Possible Legal Loophole for N.Y. Clerks Opposed to Gay Marriage

As New York prepares to usher in legalized homosexual marriage, a new twist has developed over whether town clerks in New York State will be required to facilitate same-sex couples coming to them for licenses and ceremonies. As reported by The New American, Laura Fotusky, clerk in the central New York town of Barker, submitted her resignation on July 11, explaining that her Christian beliefs would prevent her from issuing marriage licenses to homosexual couples.

On July 15 Rosemary Centi, clerk for the town of Guilderland in Albany County, offered her own resignation of sorts, informing her town supervisor that she would no longer be serving as the community’s official marriage officer, explaining that her Catholic faith would prevent her from officiating at marriage ceremonies for homosexual couples.

According to CBS News, the towns supervisor, Ken Runion, expressed his dismay over Centi’s decision to put faith above municipal duty. I was surprised because we all take the oath of civil service and promise to follow the law, Runion said. Regardless of personal beliefs, same-sex marriage is now legal and we have to follow the law.

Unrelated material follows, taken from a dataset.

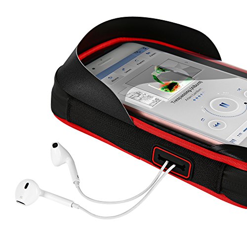 Studio : Idea Publisher : Idea Product Description Materia:High qualit TPU Color:black-red Bag size:7.5 x 4.2 x 2.4 inches Weight:7.4 ounces Apply:Mobile phones under 6 inches Features Sunshade design waterproof design 360 degree rotation side opening TPU touch screen earphone hole design Advantage 1.360 Degree Adjustable Mount 6'New Material Protective Film 2.Water Resistance Pouch Rubber Zipper Sun Visor Weather sealed pouch case and zipper make you don't need to worry about rain, dust, mud, even the high intensity sunlignt 3.Little Sweet Design For Headphones Cables A hole on the right side of the phone case enable you listen to your favorable music during riding, and also you will not miss any important phone call 4.More Protective Easy To Install Aad Remove Non-slip rubber grip cradles of the bicycle phone mount holder offers advanced protection for your device against any accidental falls. It will protect your device on your thrilling bicycle journey perfectly 0

Unlike Fotusky, whose moral convictions proscribed her from any involvement in facilitating same-sex marriage, Centi will continue to serve as the towns clerk, issuing marriage licenses to all eligible applicants including homosexual couples wishing to marry in Albany County.

Meanwhile, the Alliance Defense Fund (ADF), a conservative legal advocacy group, has released a memo to New York Municipal Clerks Responsible for Issuing Marriage Licenses, advising them that under New York’s human rights law, employers including municipal governments are required, as much as is practical, to accommodate an employees sincerely held religious beliefs.

It is true and very disappointing that the narrow religious exemptions enacted by the Legislature in the same-sex marriage bill do not contain any individual conscience protections, noted the ADF memo. Indeed, it is disturbing that public officials have so blithely dismissed New Yorkers sincerely held beliefs even though millions of New Yorkers believe that marriage is only between a man and a woman. Nonetheless, the memo continued, New York’s Human Rights Law requires employers to accommodate those beliefs, unless it places an undue hardship on the employer.

The memo explained that since New York law explicitly allows a municipality to delegate a clerks duties concerning marriage licenses to a deputy clerk or any other municipal employee, a city or town should have no reason to deny a clerks request for an accommodation.

Under the relevant provisions included in New Yorks Domestic Relations Law, continued the memo, a municipality’s governing body would have little basis to refuse a clerks request that his or her religious beliefs be accommodated by having a deputy clerk or other city employee issue marriage licenses to same-sex couples. In fact, because the broad wording of the provision allows all of a clerks duties to be delegated, a clerk requesting an accommodation should be entirely removed from the process, including signing licenses.

The memo included a sample letter clerks could use to request a religious accommodation, and offered further legal assistance to those clerks rebuffed by their municipalities.

Doubtless, such a potential loophole in the new same-sex marriage law will not sit well with homosexual activists and their facilitators, including Governor Andrew Cuomo, who scolded town clerks whose moral convictions were at odds with the new measure, that you don’t get to pick and choose which laws to obey. It remains to be seen whether or not Mr. Cuomo will insist that the provisions delineated in the ADF memo are included in the laws not up for choice.